**Your assignment:** What you return should be the full listing, word for word, without a single image.

**The data:**

++++++++

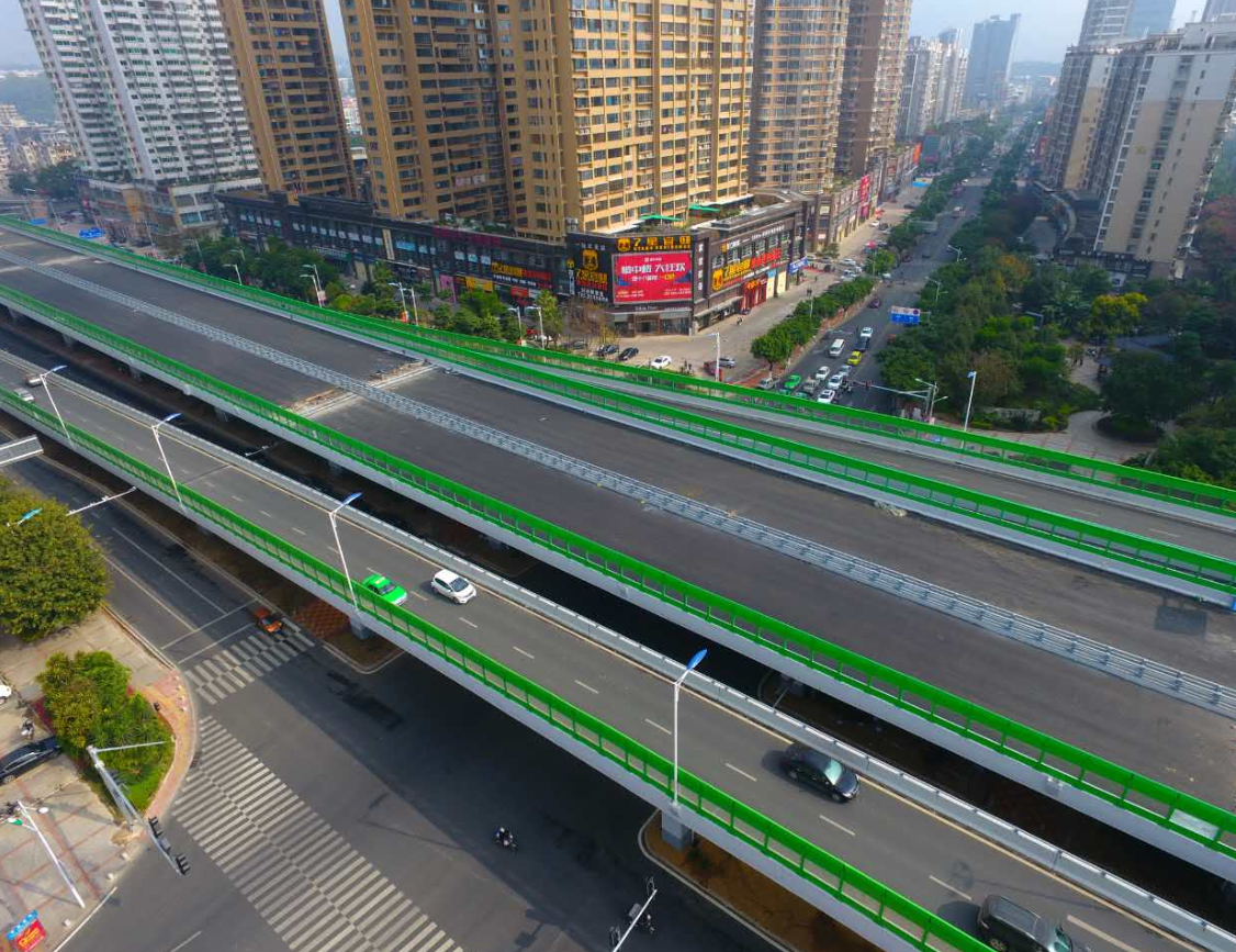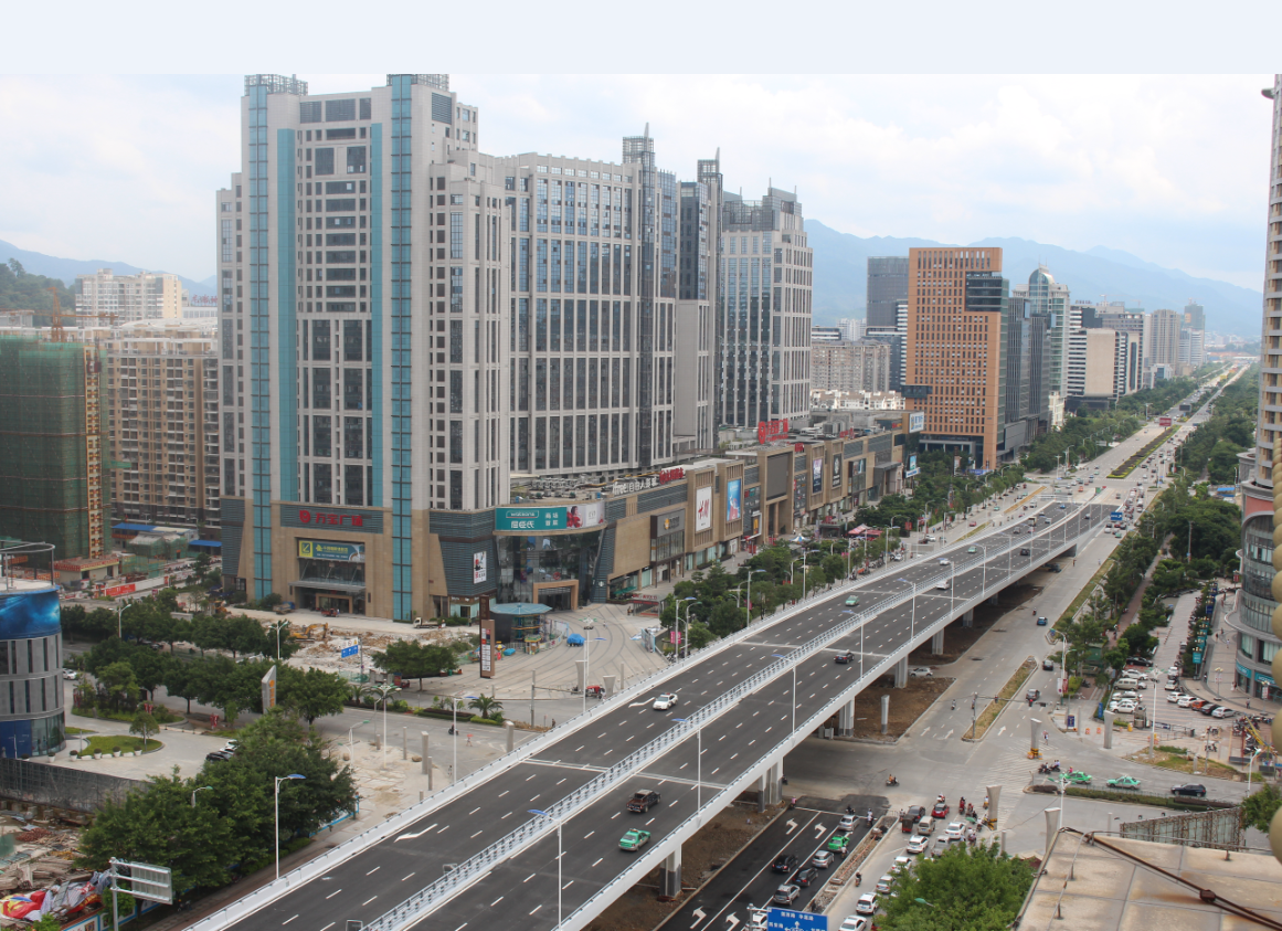 龍巖大道高架橋項(xiàng)目為省、市重點(diǎn)建設(shè)項(xiàng)目,是龍巖中心城市連接南北、溝通新老城區(qū)的重要樞紐,項(xiàng)目位于龍巖市南北交通中心軸和景觀軸線龍巖大道上,全長3395m,包含橋梁和地面道路兩大部分,其中橋梁工程總長2329m,橋?qū)?6m,包含一座190+150m獨(dú)塔斜拉索鋼箱梁主橋(主橋?qū)?6.3m),全線設(shè)計(jì)為雙向六車道,設(shè)計(jì)車速60km/h,在西陂路及人民路處各設(shè)置上下匝道,跨越雙洋路、羅龍東路、人民路、登高西路、西陂路城市主干道,項(xiàng)目總投資約24億元。
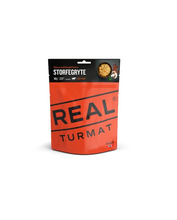 Posene tar liten plass og veier lite så de er ypperlig å bære med i sekken. Denne versjonen er en smakfull storfegryte. Produktet har 5 års holdbarhet fra produksjonsdato. Lagres ved romtemperatur. Åpen pose skal behandles som ferskvare. Måltidet bør spises innen 2 timer etter at vann er tilsatt. Riv av toppen på posen ved rivehakket. Tilsett varmt vann (3,9 dl) til nivåmerket. Rør godt rundt lukk posen med poselåsen og la retten hvile i 8 minutter. Allergener: gluten. Ingredienser: Ris (37%) paprika (16%) storfekjøtt (storfekjøtt (84%) potetstivelse stabilisator (E450 E451) salt antioksidant (rosmarinekstrakt)) (12%) løk (11%) hvetemel rapsolje sjampinjong (4,4%) kjøttbuljong (gjærekstrakt maltodekstrin salt rapsolje kjøttekstrakt brunt sukker løk) krydder sukkerkulør (karamell maltodekstrin) hvitløkspulver antioksidant (askorbinsyre).
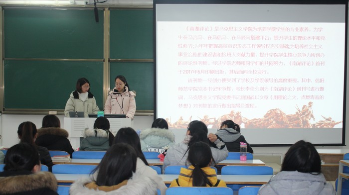 为增强马院学子对《南湖评论》和南湖调研写作的了解,提高自身写作意识及能力,12月26日上午,2026年世界杯官网在社科楼514教室开展南湖写作交流会。2017级、2018级专职辅导员曹菁菁、2017级思想政治教育一班、2018级全体同学共同参与本次班会。班会由曹菁菁主持。

++++++++

**Answer to this task:**
 龍巖大道高架橋項(xiàng)目為省、市重點(diǎn)建設(shè)項(xiàng)目,是龍巖中心城市連接南北、溝通新老城區(qū)的重要樞紐,項(xiàng)目位于龍巖市南北交通中心軸和景觀軸線龍巖大道上,全長3395m,包含橋梁和地面道路兩大部分,其中橋梁工程總長2329m,橋?qū)?6m,包含一座190+150m獨(dú)塔斜拉索鋼箱梁主橋(主橋?qū)?6.3m),全線設(shè)計(jì)為雙向六車道,設(shè)計(jì)車速60km/h,在西陂路及人民路處各設(shè)置上下匝道,跨越雙洋路、羅龍東路、人民路、登高西路、西陂路城市主干道,項(xiàng)目總投資約24億元。
 Posene tar liten plass og veier lite så de er ypperlig å bære med i sekken. Denne versjonen er en smakfull storfegryte. Produktet har 5 års holdbarhet fra produksjonsdato. Lagres ved romtemperatur. Åpen pose skal behandles som ferskvare. Måltidet bør spises innen 2 timer etter at vann er tilsatt. Riv av toppen på posen ved rivehakket. Tilsett varmt vann (3,9 dl) til nivåmerket. Rør godt rundt lukk posen med poselåsen og la retten hvile i 8 minutter. Allergener: gluten. Ingredienser: Ris (37%) paprika (16%) storfekjøtt (storfekjøtt (84%) potetstivelse stabilisator (E450 E451) salt antioksidant (rosmarinekstrakt)) (12%) løk (11%) hvetemel rapsolje sjampinjong (4,4%) kjøttbuljong (gjærekstrakt maltodekstrin salt rapsolje kjøttekstrakt brunt sukker løk) krydder sukkerkulør (karamell maltodekstrin) hvitløkspulver antioksidant (askorbinsyre).
 为增强马院学子对《南湖评论》和南湖调研写作的了解,提高自身写作意识及能力,12月26日上午,2026年世界杯官网在社科楼514教室开展南湖写作交流会。2017级、2018级专职辅导员曹菁菁、2017级思想政治教育一班、2018级全体同学共同参与本次班会。班会由曹菁菁主持。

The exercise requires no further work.